Söz yazmaya ne zaman/nasıl başladınız? Ve sizi bir albüm çıkartmaya hazır hissettiren güç neydi?
Söz yazmaya lise dönemimde başladım ancak yazdıklarımı çok uzun bir süre boyunca müzikal nitelikte görmediğim için onları değerlendirmem de yıllarımı aldı.
Beni albüm çıkartmaya hazır hissettiren güç, kendimi olduğum gibi ifade etmem gerektiğine dair koşulsuz inancım oldu.
Albüm çıktıktan sonra nasıl tepkiler aldınız, dinleyicileriniz ile kurmak istediğiniz bağı sağlayabildiniz mi?
Albümü dinleyenler genellikle albümün derinliğinden, çok katmanlılığından ve zenginliğinden bahsediyor. Çok güzel tepkiler alıyorum. Yansıtmak istediğim hissin kolaylıkla geçmesi beni çok mutlu ediyor, kurmak istediğim bağ da gittikçe güçleniyor.
İlham aldığınız sanatçılar kimler?
Kate Bush, Janis Joplin, Meredith Monk, Lhasa, Sade, Erykah Badu, Pina Bausch en çok ilham aldığım sanatçılardan.
Müziğiniz, sahnedeki stilinize ve tavrınıza nasıl yansıyor? Stilinizi kısa cümlelerle nasıl özetlersiniz?
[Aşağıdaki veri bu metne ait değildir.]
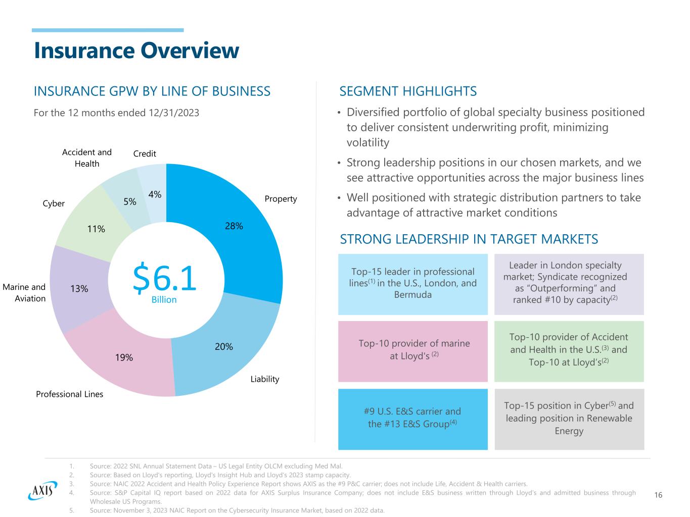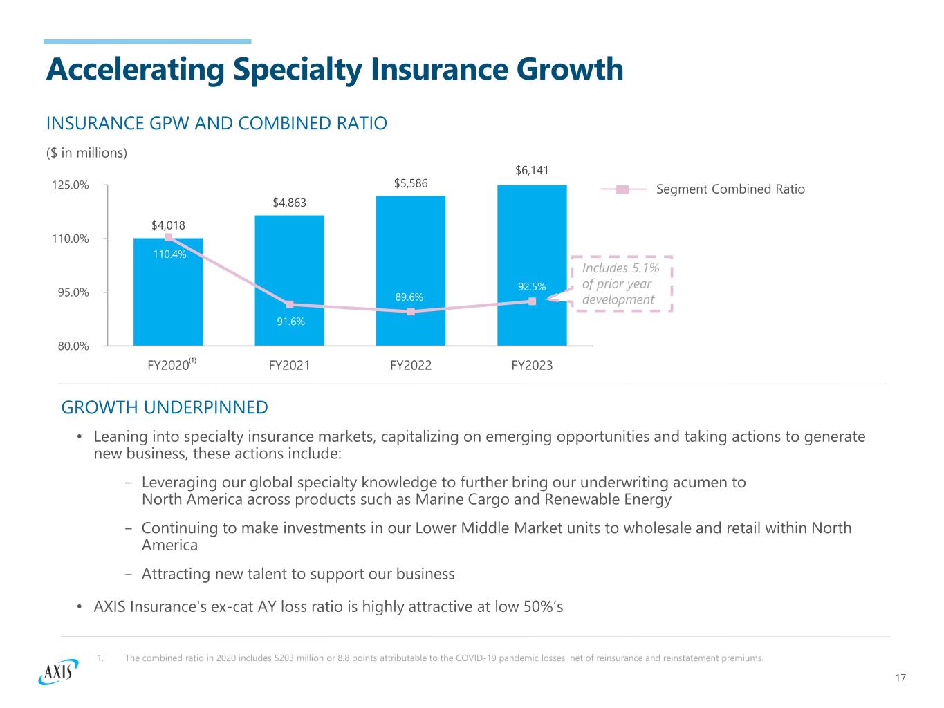 16 Property Liability Professional Lines Marine and Aviation Cyber Accident and Health Credit 28% 20% 19% 13% 11% 5% 4% Insurance Overview 1. Source: 2022 SNL Annual Statement Data – US Legal Entity OLCM excluding Med Mal. 2. Source: Based on Lloyd's reporting, Lloyd's Insight Hub and Lloyd's 2023 stamp capacity. 3. Source: NAIC 2022 Accident and Health Policy Experience Report shows AXIS as the #9 P&C carrier; does not include Life, Accident & Health carriers. 4. Source: S&P Capital IQ report based on 2022 data for AXIS Surplus Insurance Company; does not include E&S business written through Lloyd’s and admitted business through Wholesale US Programs. 5. Source: November 3, 2023 NAIC Report on the Cybersecurity Insurance Market, based on 2022 data. SEGMENT HIGHLIGHTS STRONG LEADERSHIP IN TARGET MARKETS Top-15 leader in professional lines(1) in the U.S., London, and Bermuda Top-10 provider of marine at Lloyd's (2) Leader in London specialty market; Syndicate recognized as “Outperforming” and ranked #10 by capacity(2) Top-10 provider of Accident and Health in the U.S.(3) and Top-10 at Lloyd’s(2) #9 U.S. E&S carrier and the #13 E&S Group(4) Top-15 position in Cyber(5) and leading position in Renewable Energy $6.1 Billion INSURANCE GPW BY LINE OF BUSINESS For the 12 months ended 12/31/2023 • Diversified portfolio of global specialty business positioned to deliver consistent underwriting profit, minimizing volatility • Strong leadership positions in our chosen markets, and we see attractive opportunities across the major business lines • Well positioned with strategic distribution partners to take advantage of attractive market conditions

Kendi gerçeğimle bağlantıda olduğum, doğal, özgün bir akışta olduğumu söyleyebilirim.
Uzun zamandır kendimize dönmek zorunda kaldığımız bir pandemi süreci yaşıyoruz, siz bu süreci nasıl değerlendirdiniz? Ve böyle bir süreçte ilk albümü hazırlamak nasıl bir deneyimdi?
Albümün hazırlık aşaması pandemi öncesinde neredeyse bitmişti ancak yayınlanma tarihi bu döneme denk geldi.
Ben bu süreci müzikal alanda kendimi geliştirerek, albümümü paylaşarak ve üreterek değerlendirmeye çalışıyorum.
Gelecekte görmek istediğiniz Öykü Aras’ı nasıl tanımlarsınız? Yeni projeler ya da planlar var mı?
Yeni projeler elbette var, biraz daha yolları var ama. Sizinle de yakın gelecekte paylaşmak dileğiyle.